La pièce, divisée en cinq actes comme dans la tradition du drame, ne respecte pas les contraintes du genre. Les didascalies présentent un souci des détails et une description minutieuse de l’endroit qui offrent à l’œuvre un certain air naturaliste, ainsi qu’une dimension romanesque.

Du point de vue de l’action, l’acte premier se déroule en Afrique où le docteur Bardamu travaille pour le compte de la Société des Nations. Il est chargé de conduire des recherches sur les maladies infectieuses et sur les conditions d’hygiène des colonies. Sous ses yeux : le spectacle de la mort, de la pauvreté, de la maladie, de l’aliénation psychologique et morale des fonctionnaires, de leur sadisme et de leurs abus sur les populations indigènes. Toutefois, il apparaît toujours impassible devant les horreurs dont il est témoin. De plus, il semble ne pas (ré)agir, comme s’il était un des spectateurs de la pièce. Cela parce que l’action est presque nulle, si bien que tout l’acte se caractérise par un développement statique des dialogues et l’accumulation de récits. Ni l’arrivée en scène du médecin inspecteur Clapot, ni encore la mort du Docteur Gaige n’entraînent de mouvement ou ne donnent de l’essor : tout se passe au fil des souvenirs et des discours rapportés (« il m’a dit », « il m’a raconté ») de façon que l’action devienne secondaire par rapport à la nécessité d’exprimer ses opinions et ses vérités sur l’état des colonies et sur la conduite maladroite des fonctionnaires.

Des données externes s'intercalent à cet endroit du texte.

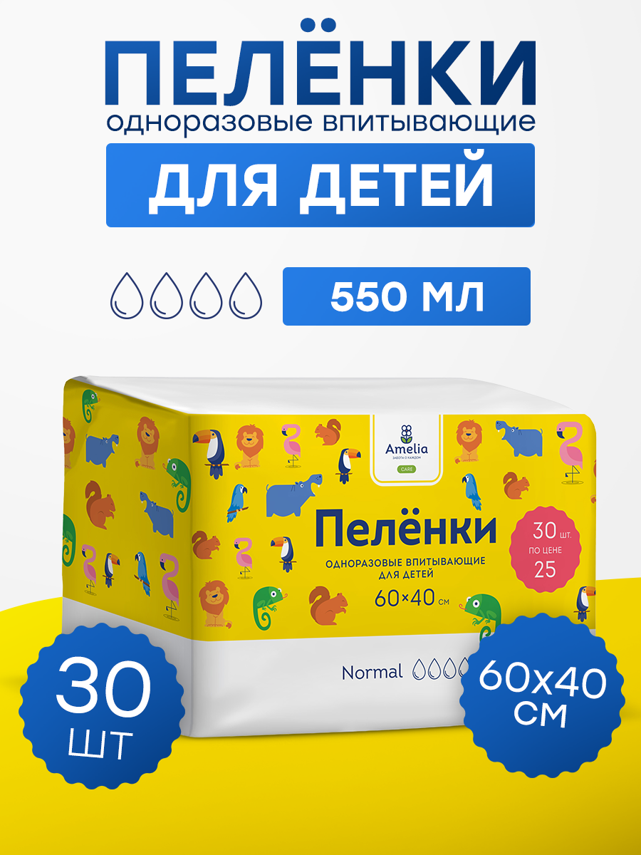 Детские одноразовые пеленки Amelia, размер 60х40, 30 штук информация: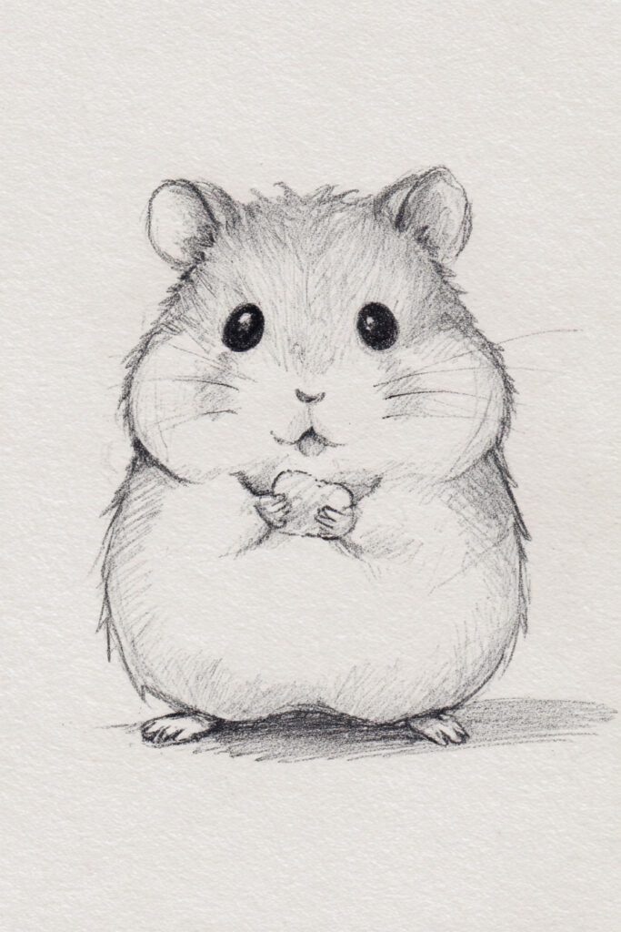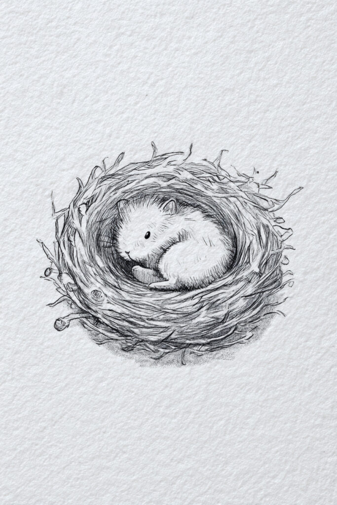 Simple body positions keep these drawings beginner-friendly. Try rounded poses like Hamster in Circle Nest, Bunny Lying Flat, or Cat Curled into Ball. These shapes are forgiving and easy to build from basic circles.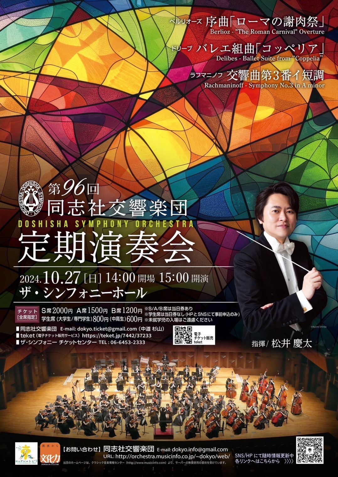 開催日程 : 2024年10月27日 開催時間 : 15:00 〜 17:00 [開場時間等] 14:00開場 開催場所 : ザ・シンフォニーホール 14,898m 料金 : S席 2,000円、A席 1,500円、B席 1,200円、大学生・専門学生席 800円、中学生・高校生席 600円(S/A/B席は当日券有、前売券と当日券の値段は同一)(学生席・中高生席は前売券のみ)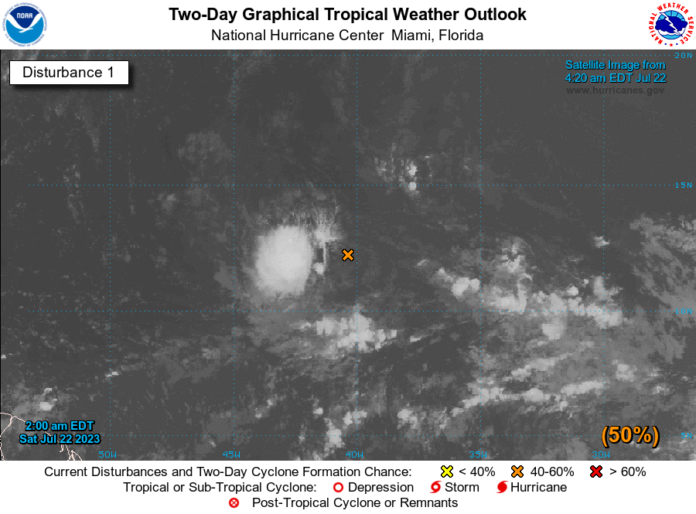 An area of low pressure in the Central Tropical Atlantic now shows a high chance of becoming a tropical depression within the next 48 hours. Environmental conditions are expected to remain conducive for development during the week as it moves westward towards the region.

 L’acte II présente Bardamu à New York, au Quick Theatre de Vera Stern, où il est allé rejoindre Mme Gaige pour l’informer de la mort de son mari. Encore une fois, peu d’actions et d’événements se déroulent sur la scène, tandis que l’on assiste au défilé de personnages ambigus et de danseuses sans scrupules. Céline a trop de choses à dire pour le contenir dans l’espace d’un acte : il doit présenter ses personnages, expliquer leurs actions, narrer leur vie ou la relier à l’histoire. Il fixe un lieu global où dérouler l’action dans un temps fictif qui ne correspond pas au temps réel pendant lequel la pièce est jouée. Ces deux temps sont quand même insuffisants car sa narration se développe dans un passé qui n’est pas joué, mais qui est rapporté par un narrateur-personnage.

Le rapport se modifie à partir de l’acte III où la pièce retrouve sa dynamique de l’action. Céline veut que son public connaisse la vérité : il faut donc une diègèsis mimétique qui représente tout ce qui se passe dans les bureaux de la S.D.N. Après les leitmotive de la mort et de la beauté des danseuses, la guerre et les juifs. C’est, en effet, le début de la haine des pamphlets.

Enfin, les deux derniers actes se déroulent dans un contexte ouvrier d’ivrognes, de policiers et d’une petite fille boiteuse qui aime Bardamu. Ici c’est l’actualité de Céline, médecin de la banlieue parisienne. L’action prévaut alors sur le récit car, ayant déjà raconté son passé, il ne doit que parler de son présent.

Une fois définie la nature du rapport récit-action représentée dans L’église à travers un système binaire d’oppositions, il faut maintenant essayer de comprendre comment on peut classer les scénarios et les ballets. Du moment qu’ils n’ont jamais été mis en scène, ils ne restent que de nature scripturale. Cela signifie que l’action qu’ils décrivent est uniquement potentielle : ils ont, par contre, la structure des récits brefs et des nouvelles. Ils alternent aussi la narration et la description aux dialogues en se développant sur un axe diachronique et linéaire où la fable se rapproche de l’histoire. Si, dans L’église, la signification politique, sociale et personnelle du récit marque l’époque de l’engagement célinien, les ballets et les scénarios – de par leur nature – peuvent marquer l’époque du désengagement, du désenchantement en faveur d’une poétique du « métro émotif » et de la « petite musique ».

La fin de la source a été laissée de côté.